WORK TO BE COMPLETED: In the listing that follows, the lines starting at the one containing "プリーツプリーズ イッセイミヤケ フリンジ" and ending at the one containing "すると今度は藤村友也をラスト" are to be returned exactly, both boundary lines included, and no others.

GIVEN DATA:
━━━━━━━━━━

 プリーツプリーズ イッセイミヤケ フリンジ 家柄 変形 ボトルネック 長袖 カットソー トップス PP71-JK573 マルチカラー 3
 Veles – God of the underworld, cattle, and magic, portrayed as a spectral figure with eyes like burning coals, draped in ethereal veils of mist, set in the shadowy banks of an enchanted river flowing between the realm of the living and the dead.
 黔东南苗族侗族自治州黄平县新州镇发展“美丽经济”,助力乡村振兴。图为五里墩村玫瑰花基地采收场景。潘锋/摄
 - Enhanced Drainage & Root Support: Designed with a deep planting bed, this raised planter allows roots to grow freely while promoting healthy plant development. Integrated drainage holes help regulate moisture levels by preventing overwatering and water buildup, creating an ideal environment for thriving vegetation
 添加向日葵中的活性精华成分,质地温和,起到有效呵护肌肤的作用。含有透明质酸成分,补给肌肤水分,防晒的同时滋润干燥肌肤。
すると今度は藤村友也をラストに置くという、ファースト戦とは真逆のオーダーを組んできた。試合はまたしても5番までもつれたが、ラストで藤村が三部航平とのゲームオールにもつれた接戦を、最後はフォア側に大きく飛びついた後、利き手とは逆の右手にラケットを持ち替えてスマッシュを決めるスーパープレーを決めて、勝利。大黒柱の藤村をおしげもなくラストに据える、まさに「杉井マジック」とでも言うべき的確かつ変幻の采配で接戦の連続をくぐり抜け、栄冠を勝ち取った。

━━━━━━━━━━

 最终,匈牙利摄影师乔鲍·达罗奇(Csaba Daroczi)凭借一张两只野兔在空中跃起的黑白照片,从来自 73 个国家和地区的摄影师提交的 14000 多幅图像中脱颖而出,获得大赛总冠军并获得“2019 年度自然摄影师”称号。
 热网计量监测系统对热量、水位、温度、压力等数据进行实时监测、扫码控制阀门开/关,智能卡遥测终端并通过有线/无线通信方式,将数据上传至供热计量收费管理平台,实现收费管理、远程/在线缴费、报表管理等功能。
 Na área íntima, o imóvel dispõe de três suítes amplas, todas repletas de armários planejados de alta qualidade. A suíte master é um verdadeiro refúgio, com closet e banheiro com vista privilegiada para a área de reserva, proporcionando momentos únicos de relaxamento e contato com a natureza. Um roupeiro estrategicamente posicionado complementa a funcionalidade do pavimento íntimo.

━━━━━━━━━━

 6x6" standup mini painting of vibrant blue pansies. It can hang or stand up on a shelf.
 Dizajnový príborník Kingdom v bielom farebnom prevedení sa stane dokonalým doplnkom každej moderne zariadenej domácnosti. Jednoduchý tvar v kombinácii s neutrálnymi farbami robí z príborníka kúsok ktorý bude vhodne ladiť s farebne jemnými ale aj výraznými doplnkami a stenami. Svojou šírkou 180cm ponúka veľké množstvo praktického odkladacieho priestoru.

━━━━━━━━━━

RESPONSE TO THE TASK:
 プリーツプリーズ イッセイミヤケ フリンジ 家柄 変形 ボトルネック 長袖 カットソー トップス PP71-JK573 マルチカラー 3
 Veles – God of the underworld, cattle, and magic, portrayed as a spectral figure with eyes like burning coals, draped in ethereal veils of mist, set in the shadowy banks of an enchanted river flowing between the realm of the living and the dead.
 黔东南苗族侗族自治州黄平县新州镇发展“美丽经济”,助力乡村振兴。图为五里墩村玫瑰花基地采收场景。潘锋/摄
 - Enhanced Drainage & Root Support: Designed with a deep planting bed, this raised planter allows roots to grow freely while promoting healthy plant development. Integrated drainage holes help regulate moisture levels by preventing overwatering and water buildup, creating an ideal environment for thriving vegetation
 添加向日葵中的活性精华成分,质地温和,起到有效呵护肌肤的作用。含有透明质酸成分,补给肌肤水分,防晒的同时滋润干燥肌肤。
すると今度は藤村友也をラストに置くという、ファースト戦とは真逆のオーダーを組んできた。試合はまたしても5番までもつれたが、ラストで藤村が三部航平とのゲームオールにもつれた接戦を、最後はフォア側に大きく飛びついた後、利き手とは逆の右手にラケットを持ち替えてスマッシュを決めるスーパープレーを決めて、勝利。大黒柱の藤村をおしげもなくラストに据える、まさに「杉井マジック」とでも言うべき的確かつ変幻の采配で接戦の連続をくぐり抜け、栄冠を勝ち取った。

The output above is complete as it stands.